Однако пользоваться юртами холопы умели и расставили их без особого труда. Внутри запылали очаги, наполняя войлочные дома теплом, над очагами повисли котлы, распространяя соблазнительные мясные ароматы.
Наконец-то обретя все возможные удобства, впервые за многие недели скинув одежду, досыта наевшись горячим, набив колчаны дармовыми стрелами и наполнив конские торбы великокняжеским овсом, воины приободрились и уже не так рвались домой, рассказывать о пережитом позоре. Куда более им хотелось отомстить и вернуться победителями, да хорошо бы еще с добычей.
В честном и открытом бою, без хитростей и уловок, да еще заметно большими силами московские бояре полагали стоптать галичан без особого труда, разом отомстив за все прошлые обиды.
Первый воевода тоже рук не опустил, ратную службу наладил по всем правилам: по всем тропкам и дорожкам разослал на день пути быстрые дозоры, сменяемые каждый вечер, на тракте выставил два сторожевых заслона по три сотни боярских детей в каждом и плюс к тому назначал «тревожный полк» в самом лагере – тысячу воинов, отдыхающих в броне при оседланных лошадях и потому готовых вступить не через полчаса-час после случившейся тревоги, а буквально сразу, в считаные минуты.
Так что теперь князь Серпуховской был твердо уверен – застать его врасплох более никому не удастся!
* * *
Сторожевая служба исполнила свой долг со всей тщательностью. Двадцатого марта дозоры принесли весть о стычке с галичскими разъездами, на другой день – о появлении на тракте вражеского головного полка.
Вечером двадцать первого марта дружина Юрия Дмитриевича появились в виду московского лагеря, после чего немного отступила и встала на ночлег в лесочке за наволоком.
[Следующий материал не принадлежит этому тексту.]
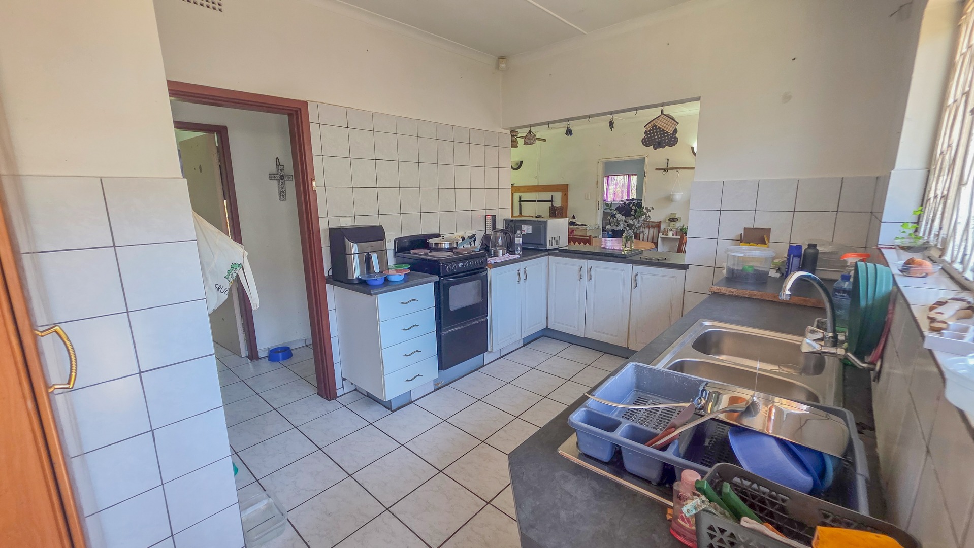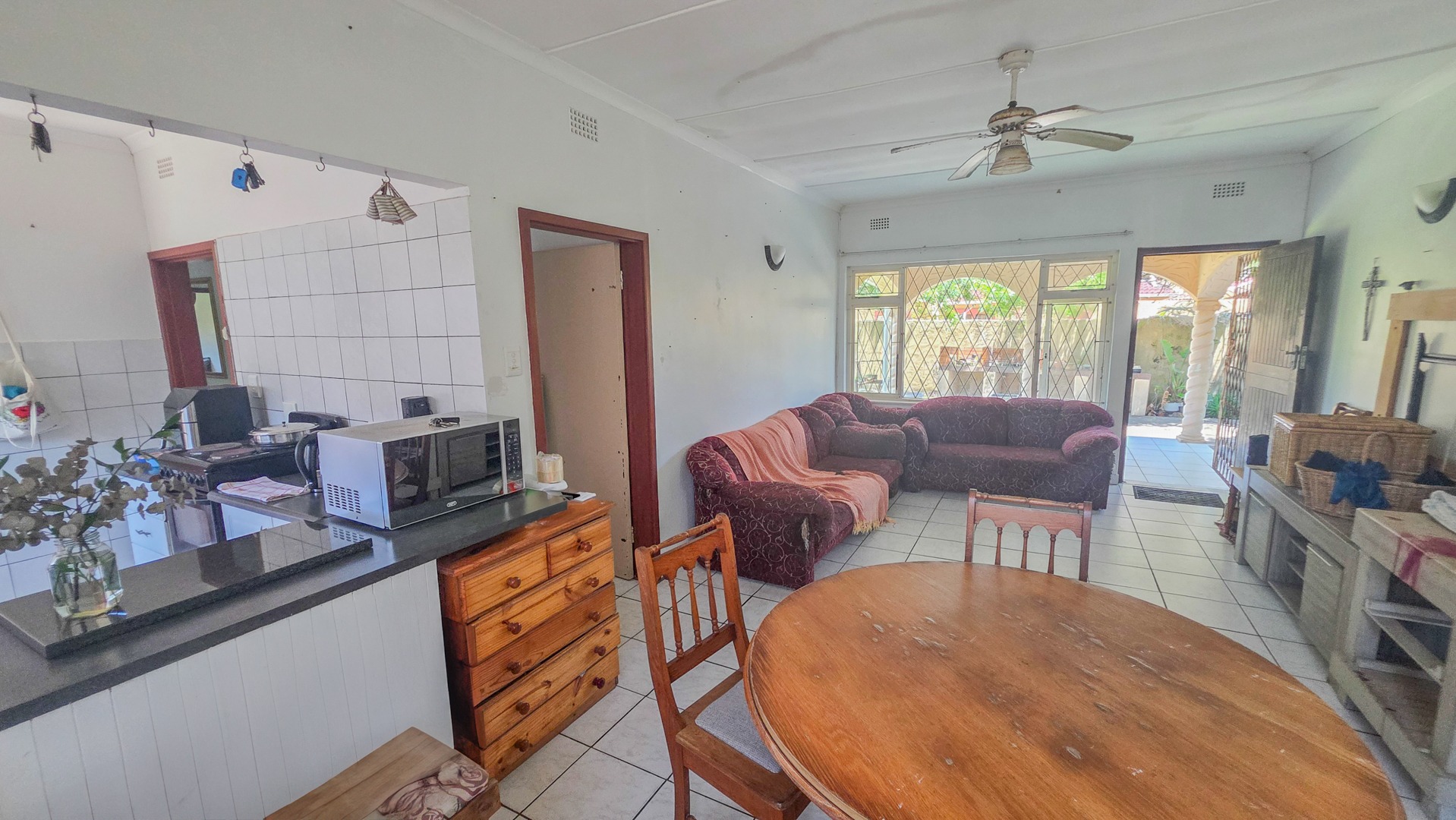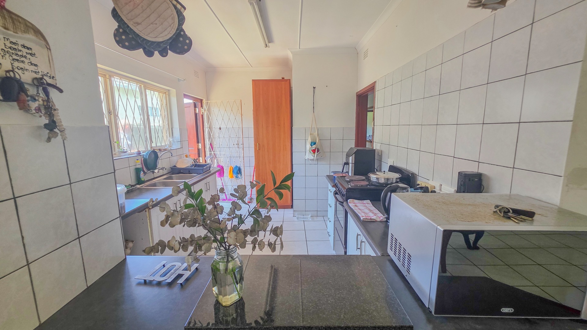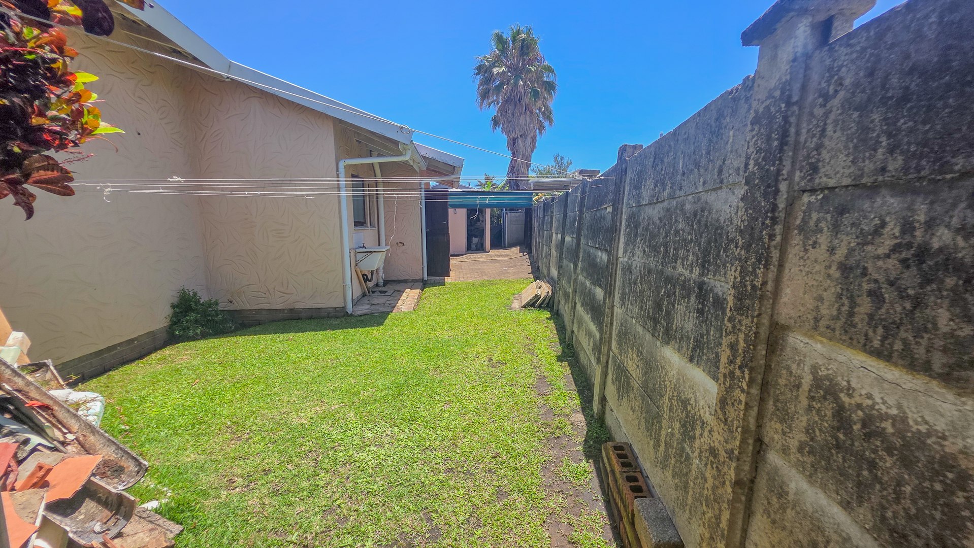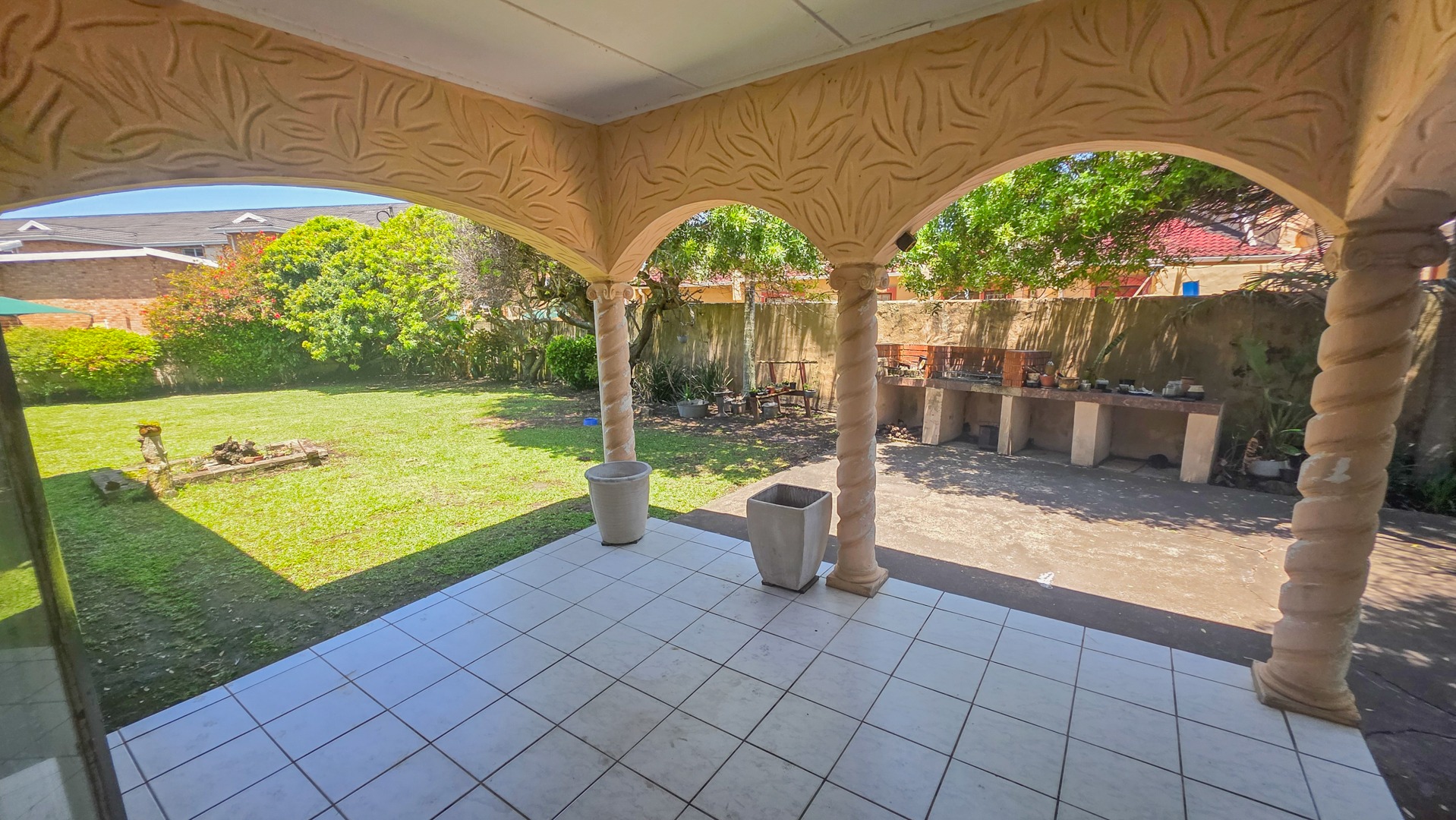 The kitchen includes a serving hatch and loose stove, flowing into a tiled lounge with a ceiling fan. The lounge opens onto a patio that sits alongside a large garden, offering ample space for outdoor living, entertaining, or simply enjoying the South Coast sunshine. Additional features include a built-in braai, laundry, and a carport with space for up to three vehicles.

Место странное и неудобное – однако, вестимо, лучший воевода ойкумены не захотел занимать надобного для утренней битвы заснеженного поля.
Тем же вечером первый московский воевода созвал старших князей в юрту государя и, стоя за спиной и чуть справа от восседающего в складном кресле Василия Васильевича, объявил:
– Вы меня знаете, бояре, и ведаете, что я не единожды бывал в походах как под рукой князя Юрия Дмитриевича, так и супротив него сражаясь. Заметил я при том, что галичский князь зело любит на огненное зелье в битвах полагаться. Прячет тюфяки и пищали свои в некоем укрытии, опосля врагов своих притворным отступлением на поле пред ними выманивает, залпом пушечным урон наносит и уж потом, развернувшись, поредевших и растерянных добивает…
– Подумаешь, велика хитрость! – неожиданно перебил первого воеводу князь Сакульский. Вестимо, зрелого витязя возрастом сильно за сорок, с уже поседевшей окладистой бородой, обижала необходимость подчиняться двадцатилетнему юнцу, пусть даже и потомку Ивана Калиты. – Татары завсегда так поступают. Поперва пятятся, в ловушку заманивая, а потом из засады внезапно свежими силами бьют.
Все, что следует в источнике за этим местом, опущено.